What is needed is an exact transcription of the listing, with the images removed.

* The data
▶
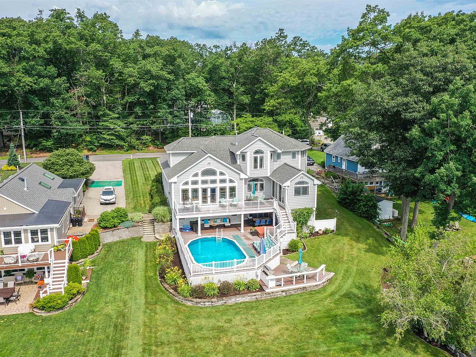 Experience waterfront luxury at its finest with this breathtaking 4-bed, 5-bath home on Arlington Pond. Gleaming hardwood floors and a serene ambiance, this property offers a prime location with stunning panoramic views. The gourmet kitchen, resort-style amenities, and spacious design with vaulted ceilings make it perfect for both relaxation and entertainment. Enjoy the tranquil primary suite, take a dip in the pool or hot tub, and indulge in waterfront activities from your own backyard. With a 2-car garage and plenty of parking, this retreat provides the ultimate waterfront lifestyle. Don't miss the chance to own this exceptional property. Extra Features/Inclusions: - Custom-built outdoor gas fire pit - ThermoSpa hot tub - New roof (2023) - 4x 4k TVs included - Coyote propane grill - New low-maintenance salt water generator for the pool - New Bosch dishwasher, oven, and microwave - Arlo security cameras - Radiant heated floors - Heated driveway - Extra fridge and freezer in the basement - Surround sound speakers - Wine cooler - Whole house generator - Redundant boilers - Healthcare-grade UV whole home air sanitizer And so much more! Schedule a private showing today.
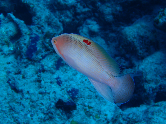 この写真は雄で、背びれに赤い斑点がある事が特徴です。
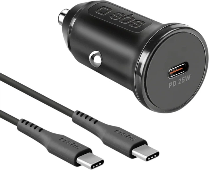 Ładowarka samochodowa SBS 25W USB-C PD + kabel USB-C - USB-C 1 m Black (TECRKITTCPD25W)
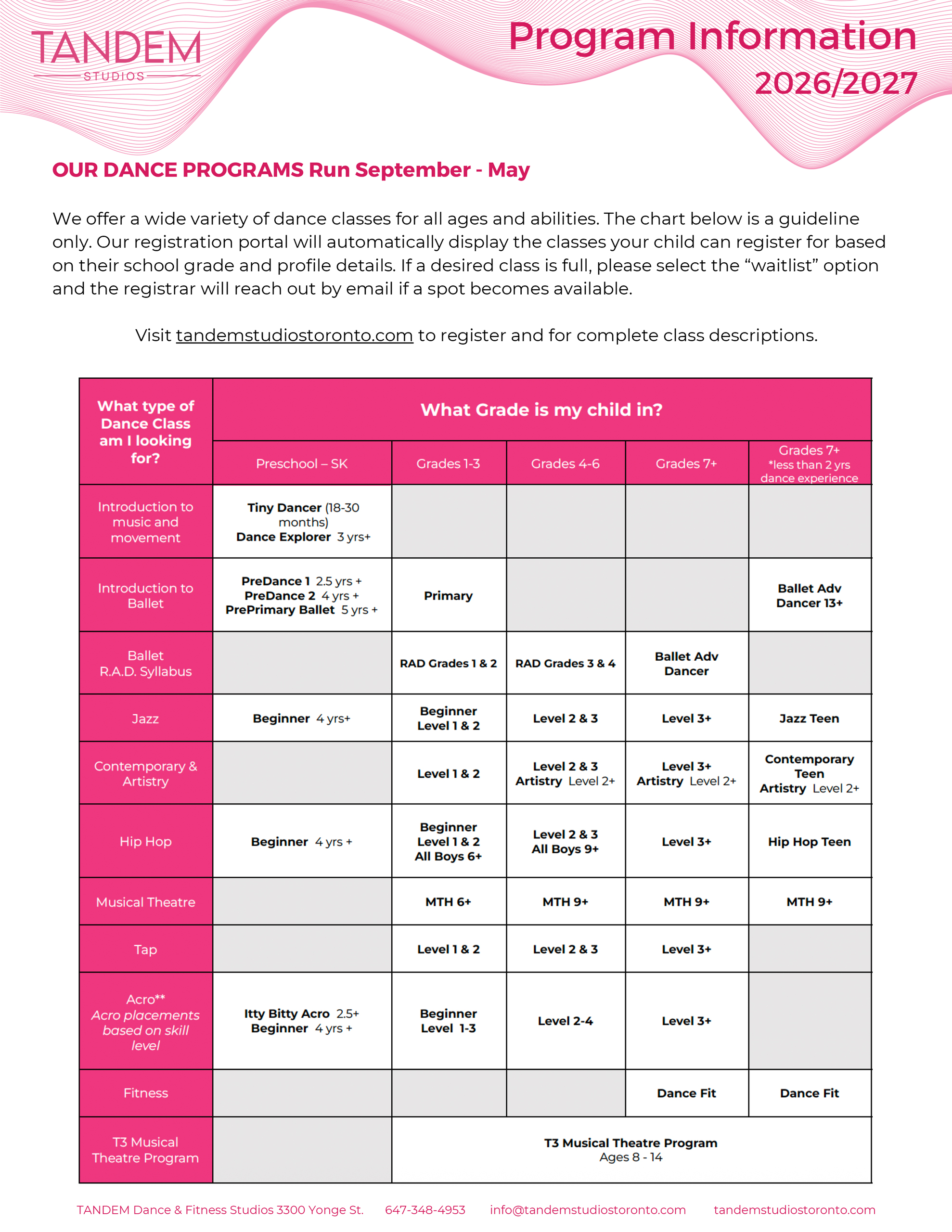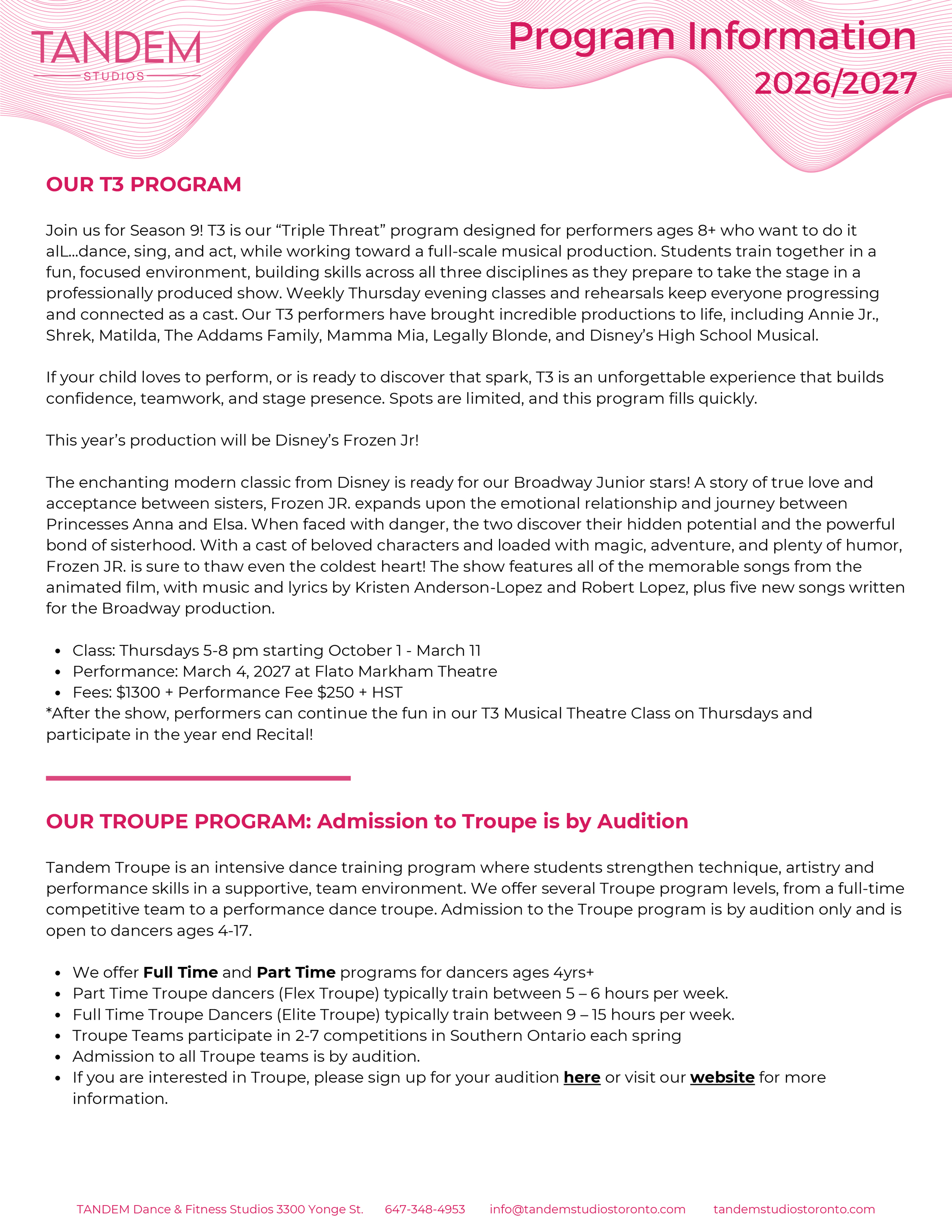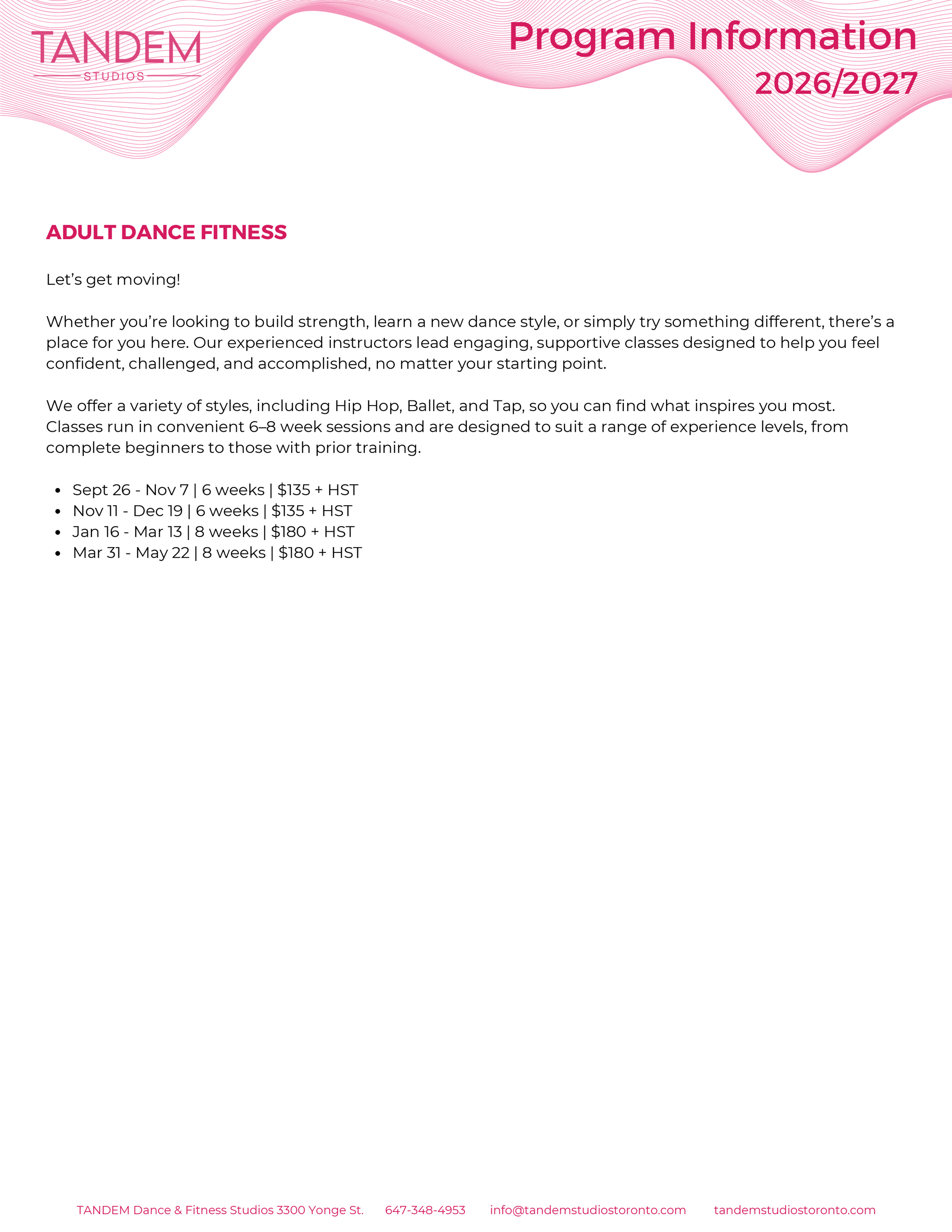 Program Information & Pricing Below is our dance programs & pricing pdf to view and download. Dance Schedule PagePrograms & Pricing Download
◀
* Response
 Experience waterfront luxury at its finest with this breathtaking 4-bed, 5-bath home on Arlington Pond. Gleaming hardwood floors and a serene ambiance, this property offers a prime location with stunning panoramic views. The gourmet kitchen, resort-style amenities, and spacious design with vaulted ceilings make it perfect for both relaxation and entertainment. Enjoy the tranquil primary suite, take a dip in the pool or hot tub, and indulge in waterfront activities from your own backyard. With a 2-car garage and plenty of parking, this retreat provides the ultimate waterfront lifestyle. Don't miss the chance to own this exceptional property. Extra Features/Inclusions: - Custom-built outdoor gas fire pit - ThermoSpa hot tub - New roof (2023) - 4x 4k TVs included - Coyote propane grill - New low-maintenance salt water generator for the pool - New Bosch dishwasher, oven, and microwave - Arlo security cameras - Radiant heated floors - Heated driveway - Extra fridge and freezer in the basement - Surround sound speakers - Wine cooler - Whole house generator - Redundant boilers - Healthcare-grade UV whole home air sanitizer And so much more! Schedule a private showing today.
 この写真は雄で、背びれに赤い斑点がある事が特徴です。
 Ładowarka samochodowa SBS 25W USB-C PD + kabel USB-C - USB-C 1 m Black (TECRKITTCPD25W)
 Program Information & Pricing Below is our dance programs & pricing pdf to view and download. Dance Schedule PagePrograms & Pricing Download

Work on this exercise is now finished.